The Pendulum of Thought

The history of human thought recalls the swinging of a pendulum which takes centuries to swing. After a long period of slumber comes a moment of awakening. Then thought frees herself from the chains with which those interested have carefully enwound her.

She shatters the chains. She subjects to severe criticism all that has been taught her, and lays bare the emptiness of the religious, political, legal and social prejudices amid which she has vegetated. She starts research in new paths, enriches our knowledge with new discoveries, and creates new sciences.

But the inveterate enemies of thought – the government, the lawgiver, and the priest – soon recover from their defeat. By degrees they gather together their scattered forces, and remodel their faith and their code if laws to adapt them to the new needs. Then, profiting by the servility of thought and if character, which they themselves have so effectually cultivated, taking advantage of the laziness of some, the greed of others, they creep back to their work by first of all taking possession of childhood through education.

A child’s spirit is weak. It is so easy to coerce it by fear. This they do. They make the child timid, and then they talk to him of the torments of hell. They conjure up before him the sufferings of the condemned, the vengeance of an implacable god. The next minute they will be chattering of the horrors of revolutions to make the child “a friend of order.” The priest accustoms the child to the idea of law, to make it obey better what he calls the “divine law”, and the lawyer prates of divine law, that the civil law may be the better obeyed.

And by that habit of submission, with which we are only too familiar, the thought of the next generation retains this religious twist, which is at once servile and authoritative; for authority and servility walk hand in hand. During these slumberous interludes, morals are rarely discussed. Religious practices and judicial hypocrisy take their place. People do not criticize; they let themselves be drawn by habit, or indifference. They do not put themselves out for or against the established morality. They do their best to make their actions appear to accord with their professions.

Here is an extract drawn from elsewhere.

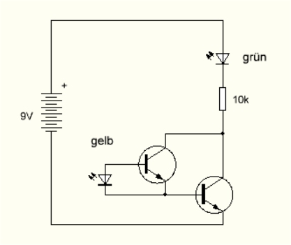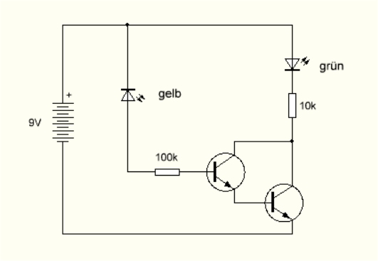Darlington-Stufe und eine weitere LED. Der Versuch entspricht einer
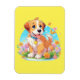 Um ímã com uma fotografia de um filhote fofo sentado entre as flores. Ele parece muito feliz por estar cercado por flores e borboletas. O presente perfeito para dar àqueles que amam cachorros. Contém conteúdo generativo.

All that was good, great, generous or independent in man little by little becomes moss grown; rusts like a disused knife. A lie becomes a virtue, a platitude a duty. To enrich oneself, to seize one’s opportunities, to exhaust one’s intelligence, zeal and energy, no matter how, become the watchwords of the comfortable classes, as well as of the crowd of poor folk whose ideal is to appear bourgeois. Then the degradation of the ruler and of the judge, of the clergy and of the more or less comfortable classes becomes so revolting that the pendulum begins to swing the other way.

Little by little, youth frees itself. It flings overboard its prejudices and its begins to criticize. Thought reawakens.

From Anarchist Morality by Peter Kropotkin

1 comment:

Anonymous said...

Hey Darshita,
Excellent blog. Though I didnt understand a word of it. I had to sit with a dictionary...but was worth it...good going...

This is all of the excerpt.